The humeral shaft was potted in epoxy cement and was placed in a custom fixture that was mounted on an MTS closed-loop servohydraulic testing machine (MTS Systems, Eden Prairie, Minnesota). The exposed length of the proximal part of the shaft was 5 cm to minimize diaphyseal bending moments and interference by the testing apparatus during abduction. The neutral axis was defined by placing the bicipital groove anteriorly and externally rotating the humerus 10° with a goniometer with no abduction or flexion20.

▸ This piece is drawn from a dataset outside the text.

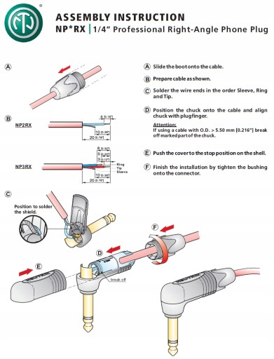 - Zastosowanie: podłączanie instrumentów do wzmacniacza (gitara, bas, mandolina itp.), łączenie urządzeń audio, podłączenie mikrofonów (niesymetryczne)
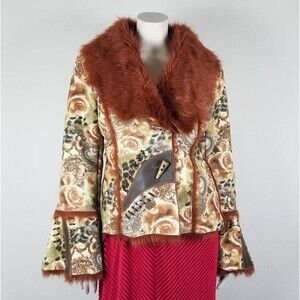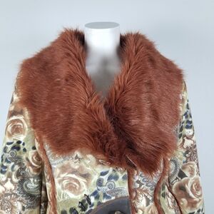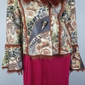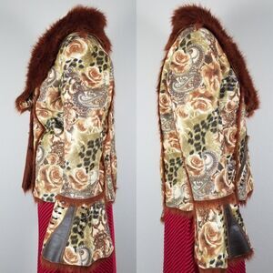 Outerwear By Lisa Y2K 90s Floral Faux Suede/Leather/Fur Bohemian Coat Size Small

A 0.1-mm-thick dynamic pressure-sensitive pad (Tekscan 5051 pad; Tekscan, Boston, Massachusetts), with a 56 × 56-mm matrix and a density of 62 sensels/cm2, was precalibrated with loaded MTS machine weights similar in size to the average glenoid. The manufacturer's guidelines and recommendations were followed for calibration, which was performed with loads that were 20% and 80% of the maximum test load (440 N) applied across the glenohumeral joint. The pressure pad was placed between the humerus and glenoid and was marked so that the pad could be placed in an identical position with staples during each sequential trial.
Testing Conditions
The MTS machine was used to apply a compressive load of 440 N, and the glenohumeral contact pressure, contact area, shift in the center of pressure, and edge-loading were determined with a Tekscan sensor. A load of 440 N was chosen on the basis of prior work and served as an approximate maximal load for simulation of in vivo glenohumeral loading conditions during the range of motion of the shoulder during activities of daily living21. The testing sequence included ten conditions (Fig. 2): an intact glenoid (condition 1), a glenoid with a clinically relevant 15% (condition 2) or 30% (condition 3) defect from two o'clock to six o'clock, a 30% glenoid defect with a Latarjet-LAT bone block placed 2 mm proud (condition 4), placed flush (condition 5), and recessed 2 mm (condition 6) in relation to the level of the glenoid (Fig. 3), a 30% glenoid defect with an iliac crest bone graft (Fig. 1) placed 2 mm proud (condition 7), placed flush (condition 8), and recessed 2 mm (condition 9) in relation to the level of the glenoid, and a Latarjet-INF bone block placed flush with the glenoid (condition 10) (Figs. 4-A and 4-B). The Latarjet-INF bone block was tested in only the flush position because of financial restrictions and technical difficulties, including deterioration of bone quality after repeated testing that led to an inability to maintain fixation throughout loading.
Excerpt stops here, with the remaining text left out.